There’s life in the T-Mobile brand yet…but it’s not for sharing
Lara O’Reilly is Marketing Week’s digital and telecoms specialist and here she gives her own view on what companies from Apple to Zynga are up to in the wired world of the web.
The two very different upcoming campaigns for T-Mobile and Orange from Everything Everywhere go some way to clarify the company’s long-standing position that it is still fully supportive of both of its brands – for now at least.
Speculation had been mounting that Everything Everywhere could be looking to drop one or both of the brands involved in its merger, in favour of the parent company brand name – or an entirely new name and proposition altogether (perhaps T’Orange to appeal to the northern contingent, or O ‘n’ T…I can picture the Phones 4 U-esque hand gestures now…and I can see you doing them at your desk).
Indeed, last year’s formation of Everything Everywhere’s 10-strong senior management team did not include a single T-Mobile executive, which fuelled rumours that it might be the brand up for the chop.

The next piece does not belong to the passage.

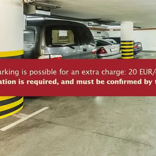 Vlastní parkoviště (za poplatek, 8 ks, garáž 20 € (~ 488 Kč)/noc)

But the choice to spend more than £6m on a launch campaign that moves the brand away from its popular flash mob strategy – which could easily have been repeated for endless iterations (Let’s sing on an oil rig! Let’s dance on a traffic island!) seems to be an indicator that the T-Mobile brand has life left in it yet…even if it does involve sharing the spotlight with its big brother Orange.